Live rich: Three simple rules to grow your money

One should allocate investible surplus across various asset classes, such as equities, debt and gold, for earning optimum returns

A disciplined approach coupled with the right investment option can help investors to accumulate wealth in the long run. You just need to save and invest your money on regular basis from your monthly income. This can be in the form of equities, mutual funds, fixed deposits or any other investment options. This principle seems very easy to understand but it is very difficult to follow with rising prices of essential commodities. However, following these three simple rules can help you to grow your money over a period of time.

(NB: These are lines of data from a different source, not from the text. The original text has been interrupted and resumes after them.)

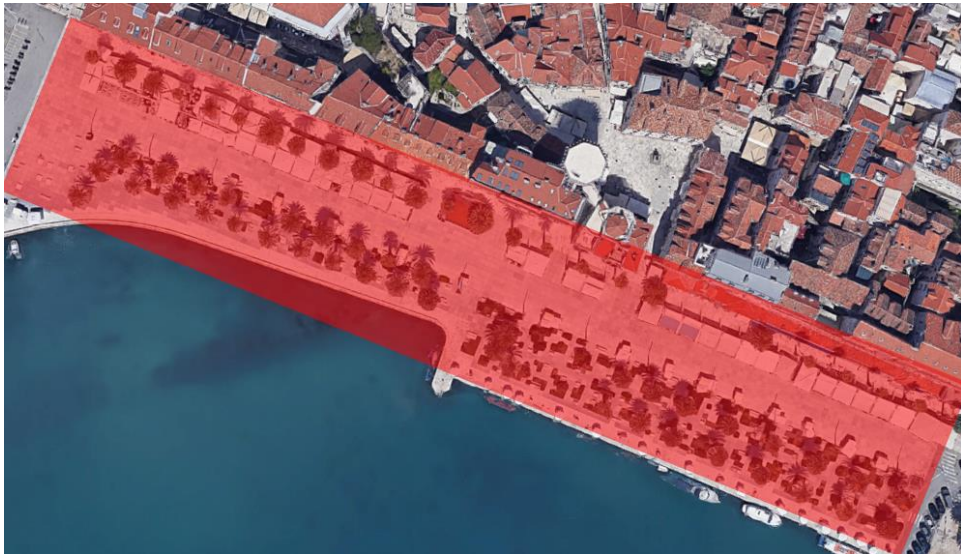
Sl. 6. Područje obuhvaćeno promatranjem označeno crvenom bojom

Promatranje je vršeno na prostoru splitske rive, službenog naziva Obala Hrvatskog narodnog preporoda u vremenskom periodu od lipnja, srpnja i kolovoza 2019. godine i prosinca 2019. godine, te siječnja i veljače 2020. godine. Promatranje se vršilo u ljetnom i zimskom periodu i to je omogućilo uvid u razlike između perioda turističke sezone koja obuhvaća ljeto i zime koja je najviše obilježena događanjem „Advent u Splitu“ u prosincu i siječnju i zaključno veljačom, kada nema više organiziranih događanja na prostoru Rive. Usporedba ljetnog i zimskog vremenskog perioda je omogućila uvid u razlike koje se događaju na prostoru Rive u kontekstu različitosti između aktera koji posjećuju prostor rive, njihovih aktivnosti, interakcije, prohodnosti/posjećenosti prostora i konteksta unutar kojega se navedene stavke odvijaju. Cilj ovog promatranja je bio dobiti uvid u društvene i prostorne odnose koji se odvijaju u različitim vremenskim periodima. Tablica promatranja se nalazi u prilogu zajedno s fotodokumentacijom promatranja.
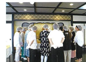
▲職人さんに教えていただきながら、京菓子作りを体験
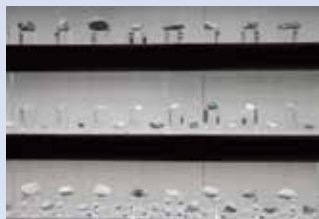
小さなスイの展示
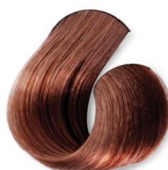
Louro Claro Cobre Intenso CÓD.1033
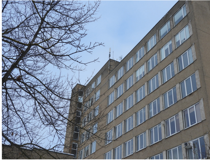
Smulkaus ir vidutinio verslo plėtros programai rajono savivaldybė šiemet skyrė 70 tūkst. Eur. Tikimasi, kad ir ateityje ši parama nemažės.

Tačiau, kaip jau minėta, ši parama nėra gelbėjimosi ratas skęstantiesiems, ir remti į sunkumus patekusioms įmonėms rajono biudžeto pinigai nešvaistomi. Į paramą pretenduojantys verslo subjektai atidžiai tikrinami ne tik pateikus dokumentus, bet ir dvejus metus po paramos gavimo. Nors ankstesniais metais, svarstant lėšų paramai verslui skyrimą, rajono politikai klausė rajono savivaldybės administracijos direktoriaus, kiek bankrutuojančių įmonių gavo lėšų, jis gali atsakyti drąsiai – tokių nėra. Buvo patikrintos devynios įmonės: visos jos sėkmingai veikia. Taip pat tvarkingai ir laiku buvo pateiktos parama pasinaudojusiu įmonių atas-
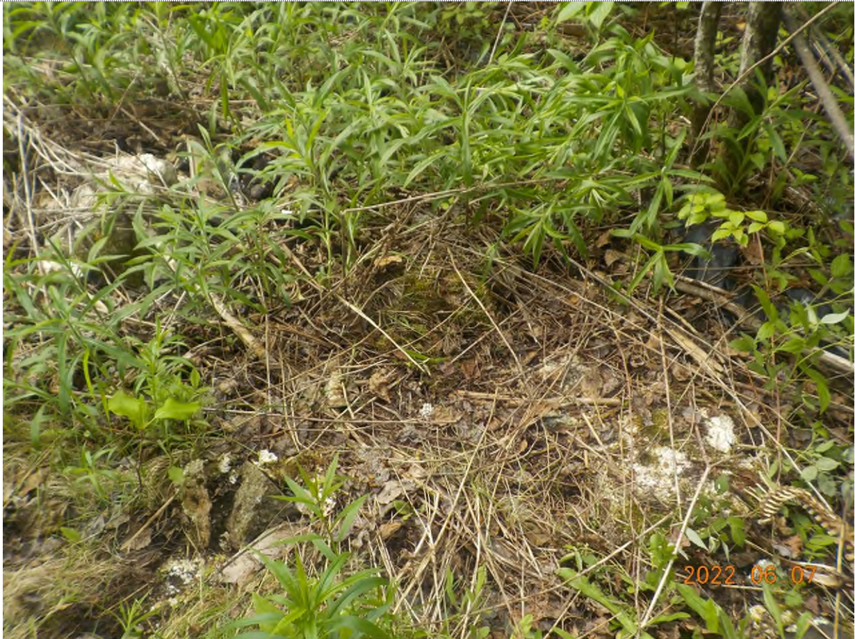
Figure 9: Débris enfouis à ramasser sur le site principal
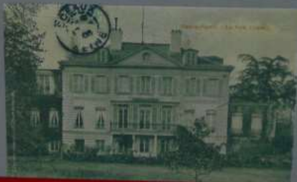
Le Petit Château vers 1900

À l'emplacement de la Cité de l'enfance s'élevait autrefois une charmante maison bourgeoise surnommée, par les habitants du Plessis, le Petit Château. Construite au XVIII e siècle, cette propriété était entourée d'un vaste parc à l'anglaise. Après l'acquisition en 1854 par Louis Hachette du château du Plessis-Piquet (actuel Hôtel de Ville), son gendre et associé Louis Bréton s'installa au Petit Château. Le Plessis vécut alors pendant près de 50 ans au rythme du monde de l'édition. La demeure abrita ensuite la retraite du baron Dos Santos, ministre plénipotentiaire du Portugal, avant de devenir, en 1916, la maison de campagne de Maurice Lewandowski, directeur du Comptoir National d'Escompte de Paris. Une rue située à la sortie du Bois de la Garenne rend hommage à sa fille, Marguerite, tuée en 1944 lors d'une mission de secours à des victimes de guerre. Le Petit Château, en très mauvais état, fut détruit en 1954, ce qui permit d'élargir l'avenue Général Leclerc et de construire la Cité de l'enfance.
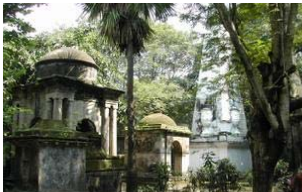
Fotografia 3 – South Park Street Cemetery, Kolkata, 2004. T6

A propósito desta fotografia, diz: «This is an amazing old cemetery from the 1700's, and an oasis of calm in the centre of Kolkata. Great atmosphere, complete with gothic crows» T6 .
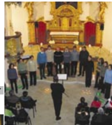
Benefiční koncert „Tichounce při svíčkách“
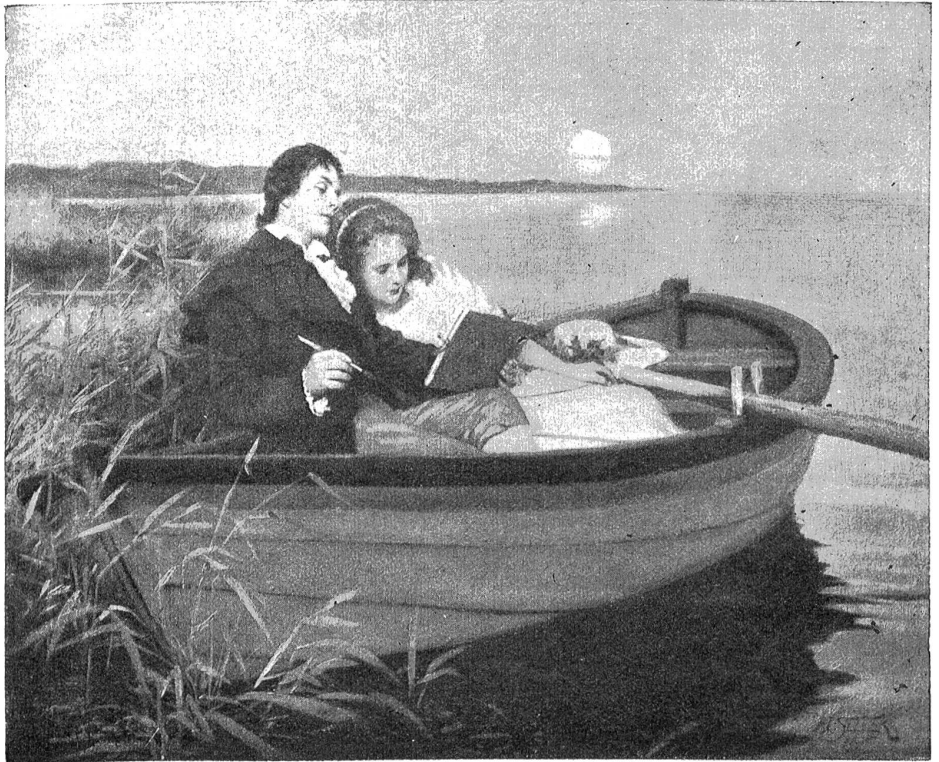
Abendlied. — Gemälde von Hermann Seeger.

„Wie lebt Glanzmann?“ Sprach er gutmütig, schwieg, als sie keine Antwort gab, beharrlich, schritt ihr voran
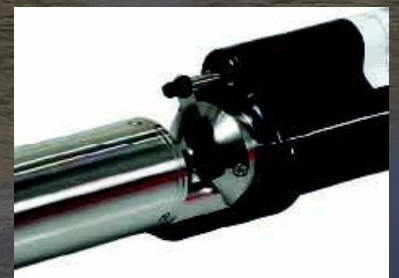
Wischer entfernt Biofouling
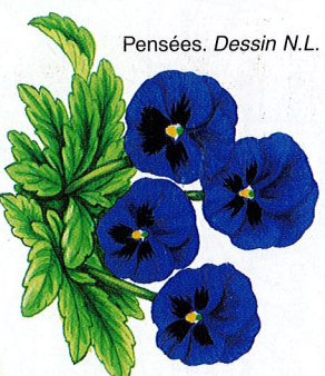
Pensées. Dessin N.L.
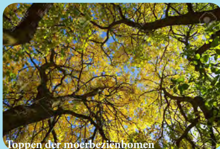
Toppen der moerbeziebomen

In de afgelopen jongerenbazuinen is er geprobeerd om de Eredienst uit te leggen, zodat je er meer van te weten komt en er meer bij betrokken raakt. Als je meer betrokken raakt bij de dienst, is het gelijk niet meer saai. Natuurlijk is het alsnog moeilijk te begrijpen, ook voor volwassenen. Maar we moeten begrijpen dat de dienst aan God belangrijk is. Je blijft er geestelijk gezond door, sterker nog: je ontvangt er het eeuwige leven.
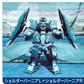
ショルダーバーニアL+ショルダーバーニアR
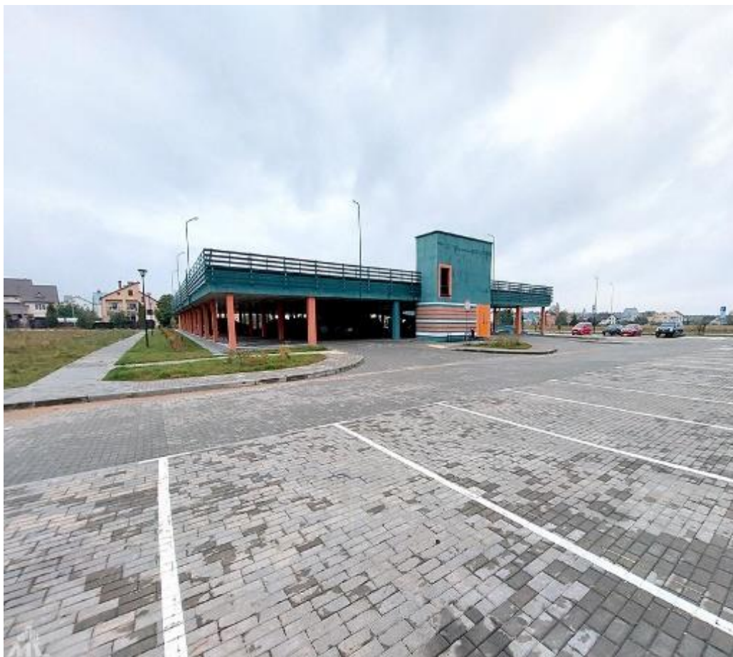
Строительство гараж-стоянки в г.п. Сокол КУП «Минскоблдорстрой»
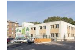
ILE SAINT DENIS LE PHARES Activités ESS
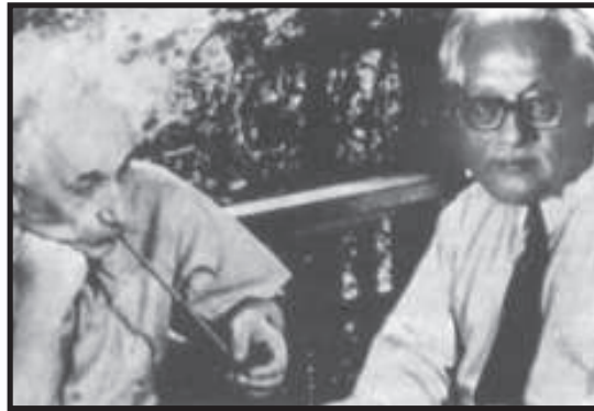
આલ્બર્ટ આઈન્સ્ટાઈન અને સત્યેન્દ્રનાથ બોઝ

આધુનિક વૈજ્ઞાનિકોના મત પ્રમાણે બ્રહ્માંડની રચના માટે ૧૨ સૂક્ષ્મ કણો જવાબદાર ગણવામાં આવે છે. ઉપરોક્ત પ્રયોગથી ૧૧ કણોને તો શોધી શકાયા કે જે વજનમાં હલકા હતા અથવા તો તેઓમાં દ્રવ્ય ન હતું. બારમા કણો શોધવાનું બાકી હતું. માન્યતા પ્રમાણે તે વજનમાં થોડું ભારે એટલે કે દ્રવ્ય વાળું હતું. તેને “હિગ્ગ્સ બોઝોન” કણ નામ આપવામાં આવ્યું. તેને શોધવા માટે ખૂબજ ઊર્જાથી પ્રોટોનને વિરુદ્ધ દિશાએથી ટકરાવવા પડે અને તોજ તેના દર્શન થઈ શકે તેવી વૈજ્ઞાનિકોની માન્યતા હતી. હિગ્ગ્સ બોઝોન પાર્ટીકલ બ્રહ્માંડ જન્મ્યું ત્યારે ઉત્પન્ન થયા હતા. માટે તેના દર્શન કરવા હોય તો બ્રહ્માંડ જન્મ્યું ત્યારે જે બિગ બેંગની પરિસ્થિતિ હતી તેવી પરિસ્થિતિનું નિર્માણ કરવું પડે.
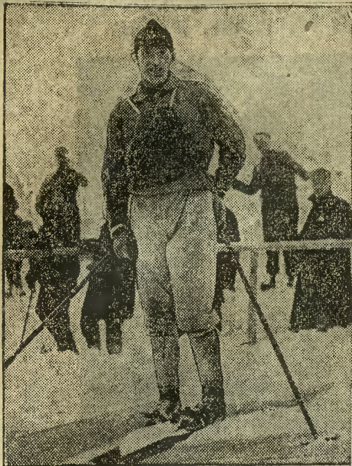
Groettumbrassen (Norwegia) mimo swych 34 lat odniósł ponownie zwycięstwo w kombinowanym biegu narciarskim.
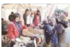
歳の大市(南砺福野)
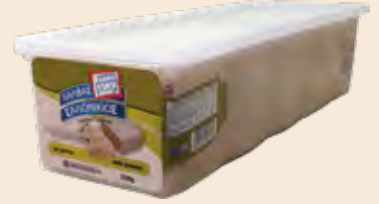
Σαλονικιός Βανίλια / Salonikios Vanilla Φόρμα πλαστική / Plastic Form
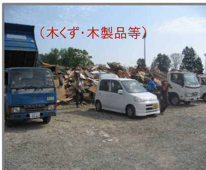
住民による仮置場への搬入状況
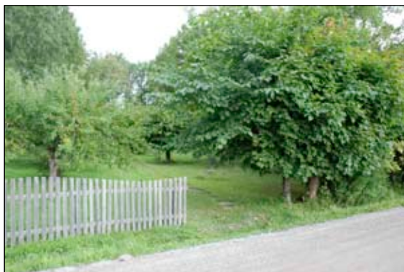
Fig 1. Infart från Baggensvägen, från S. Bildnr: lp20110537.

Utredningsområdet omfattar en ca 2000 m 2 stor ännu obebyggd fritids-/villatomt, Boo 1:254 (se bilaga 1 och 2). Fastigheten är en s.k. skafftomt med en knappt 4 m bred utfart mot Baggensvägen i sydost.
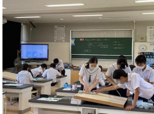
理科⇒デジタル教科書を投影
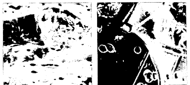
a. 溶体化処理 X600 b. 二相化処理 X600 写真1. 水素チャージした304Lステンレス鋼の破面
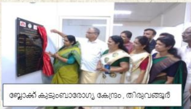
ബ്ലോക്ക് കുടുംബാരോഗ്യ കേന്ദ്രം, തിരുവങ്ങൂർ
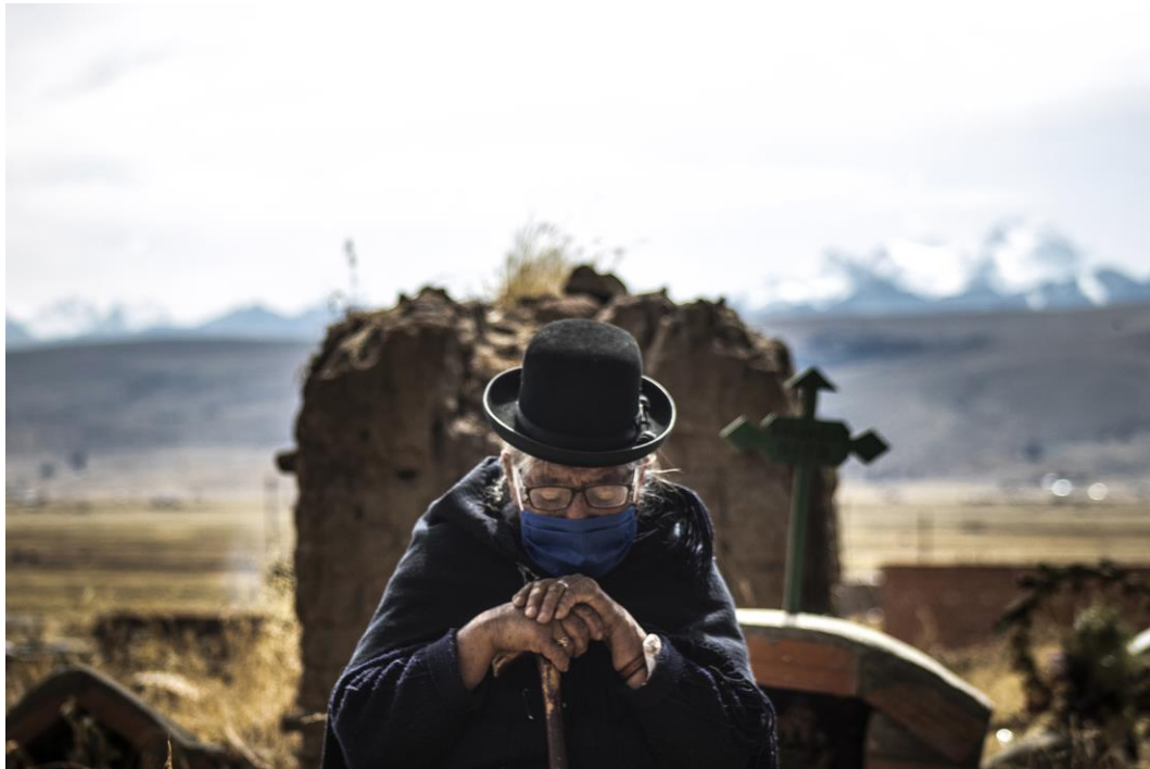
Isolda se eleva – Fotografía impresa en papel Platine Fibre, 40x60cm
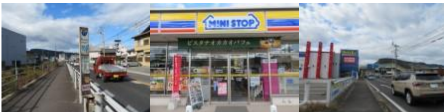
※古高松南駅への路、コンビニでカッシーチラシをコピー

④12時51分、高松 8 km、松山 164 kmと記した標識前を通過。12時59分、古高松南駅には12時59分到着する。高松行の列車がやって来る。
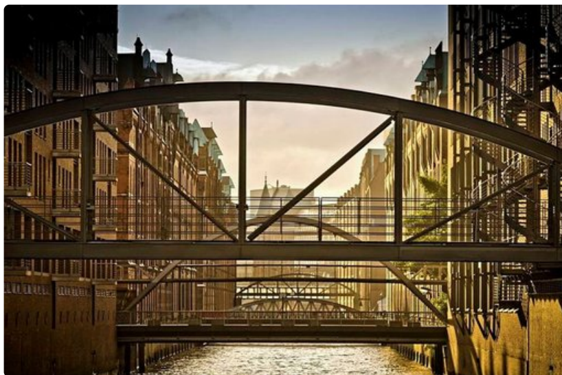
Valossa kylpevä satama-alue oli aikanaan kahvin, teen ja mausteiden välivarasto.

600 metrin mittainen ja 250 metrin levyinen Kontorhausviertel on edelleen toimistokäytössä, mutta viime vuosina sinne on perustettu matkailijoiden iloksi ravintoloita.
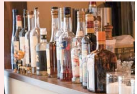
ความหลากหลายของไวน์ก็เป็น อีกเหตุผลหนึ่งที่ได้รับคามนิยม
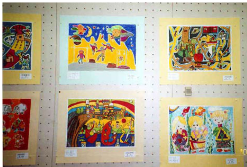
浦和で行われた日中の児童絵画展の日本の子どもたちの作品
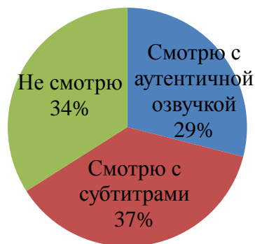
Рисунок 1 – Результаты анкетирования обучающихся 8-х классов по вопросу №1
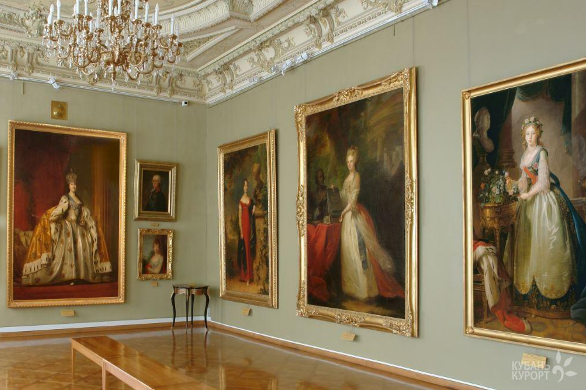
Краснодарский краевой художественный музей им. Ф.А.Коваленко
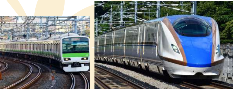
TAKE BULLET TRAIN

เดินทางด้วย “รถไฟชินคันเซ็น” ไปยัง “สถานีรถไฟโอมิยะ” เป็นการเดินทางที่รวดเร็ว สะดวกสบาย และปลอดภัยรถไฟชินคันเซ็นเป็นรถไฟความเร็วสูงของญี่ปุ่น มีความทันสมัยและมีเทคโนโลยีที่ล้ำสมัย ทำให้การเดินทางของคุณเป็นไปอย่างราบรื่นและถึงที่หมายตรงเวลา จากนั้นเปลี่ยนขบวนรถไฟเป็น “รถไฟท้องถิ่น” เพื่อมุ่งหน้าสู่ “สถานีรถไฟชินจูกุ”
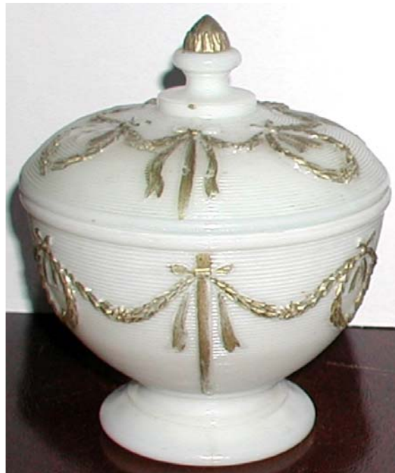
Abb. 2003-4/135 Deckeldose mit Girlanden opak-weißes Pressglas, kalt vergoldet, H 13 cm, D 11 cm Sammlung Fehr Meisenthal, um 1930 s. MB Meisenthal 1927, Pl. 81, Sucrier „Empire“
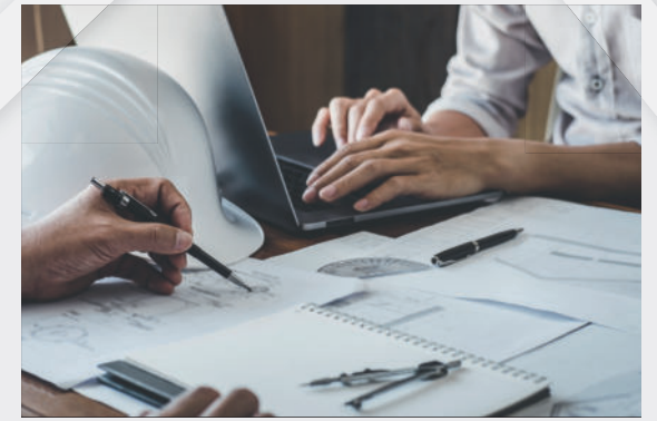
Bauingenieurwesen (Hochschule Augsburg)
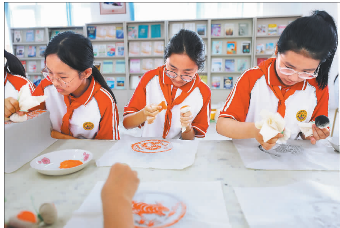
▼5月18日,山东省沂南县青驼镇初级中学学生在县博物馆工作人员指导下学习拓拓技术,沂南县博物馆举办“流动博物馆进校园”活动,让学生了解当地历史文化。

本版编辑 李景录 翟天雪 来稿邮箱 jjrbsyb58392306@163.com

Asset allocation approach: One should allocate investible surplus across various asset classes, such as equities, debt and gold, for earning optimum returns. A disciplined asset allocation strategy will keep your emotions (greed and fear) in check and help you to avoid two most common mistakes committed by retail investors- investing a large corpus in equity when the market is overvalued and staying away from equities during steep market corrections. One should also consult a financial advisor to help you follow a disciplined asset allocation approach in order to prevent large drawdown during market crashes.

Saving through systematic investment plans: Systematic investment plans (SIP) are more of a saving tool than an investment one. It brings the habit of regular saving by automatically deducting a predetermined amount from your bank account. Investors can start SIPs with a minimum amount of Rs 1,000 (in some cases it is Rs 500). It is advisable to start SIP as early as possible. This will help investors to accumulate wealth over a period of time and get the benefit from the power of compounding. SIPs can help you to reduce your cost of investment by getting more units during market falls.

Penny earned is a penny saved: Most keep large sums of money in their savings account to maintain their short-term liquidity or park their idle funds. However, this entails opportunity cost in the form of foregoing higher returns from alternative options. Instead, invest your money in liquid funds/ ultra short term funds that can generate superior annualised return.